**Directions for this task:**
Please write out exactly the line containing "3、调集各种特色锅底、固定资" below and every line after it, through the last one, but leave out any pictures.

**Data extract:**
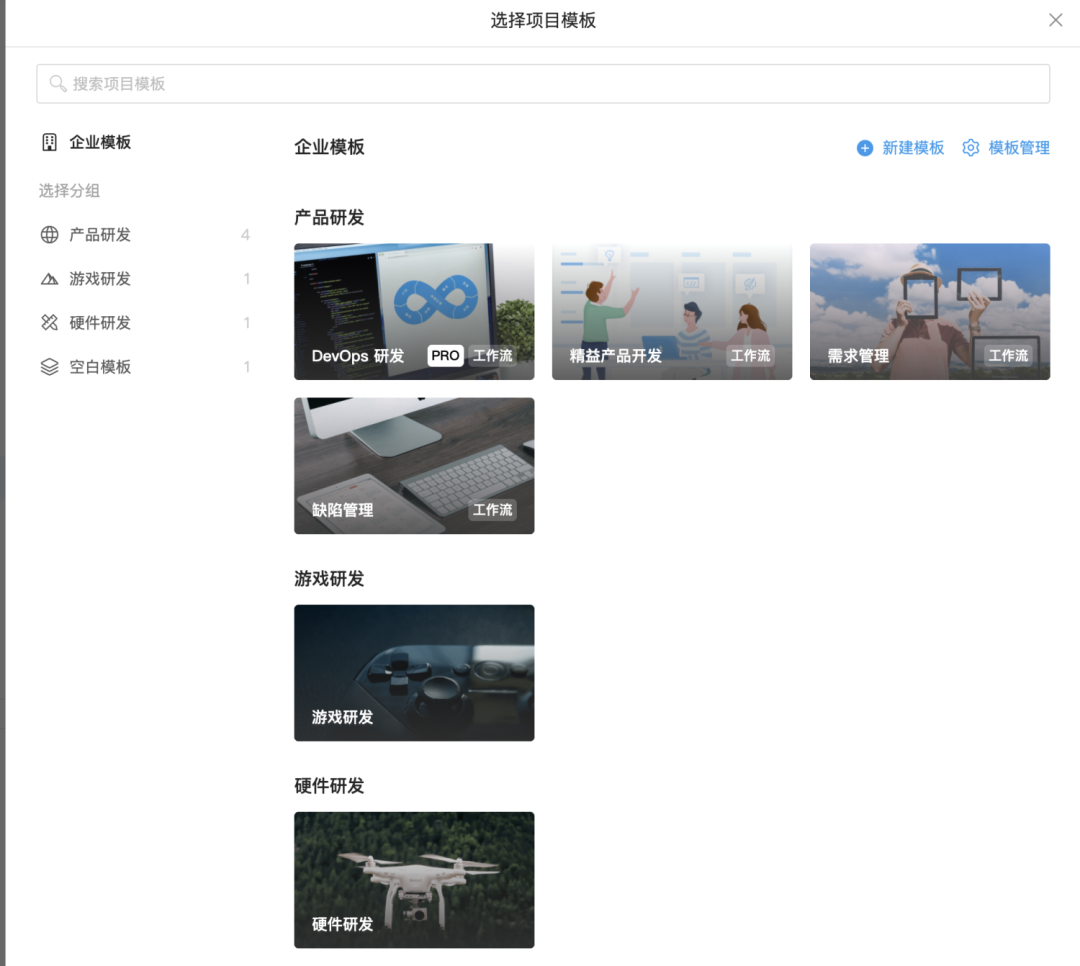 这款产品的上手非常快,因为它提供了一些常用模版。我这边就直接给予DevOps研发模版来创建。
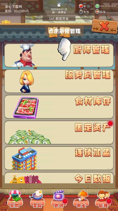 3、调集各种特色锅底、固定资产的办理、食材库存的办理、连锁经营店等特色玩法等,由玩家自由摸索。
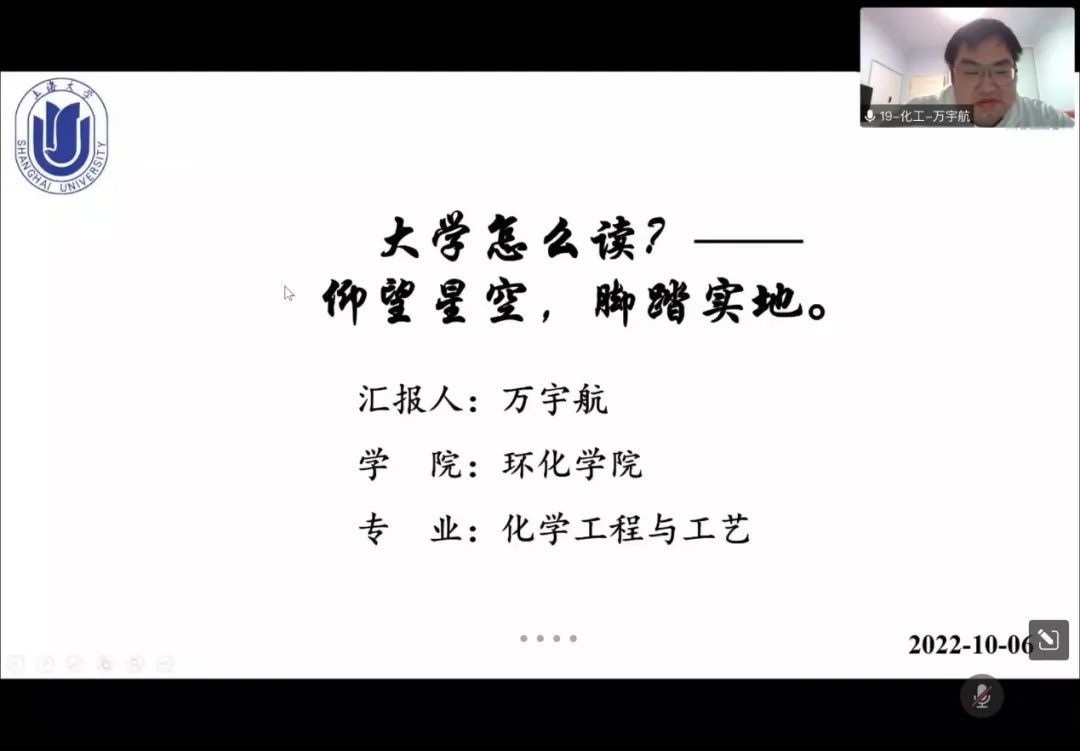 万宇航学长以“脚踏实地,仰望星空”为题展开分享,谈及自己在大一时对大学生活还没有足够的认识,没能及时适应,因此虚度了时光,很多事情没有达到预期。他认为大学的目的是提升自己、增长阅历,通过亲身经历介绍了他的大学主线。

**Task answer:**
 3、调集各种特色锅底、固定资产的办理、食材库存的办理、连锁经营店等特色玩法等,由玩家自由摸索。
 万宇航学长以“脚踏实地,仰望星空”为题展开分享,谈及自己在大一时对大学生活还没有足够的认识,没能及时适应,因此虚度了时光,很多事情没有达到预期。他认为大学的目的是提升自己、增长阅历,通过亲身经历介绍了他的大学主线。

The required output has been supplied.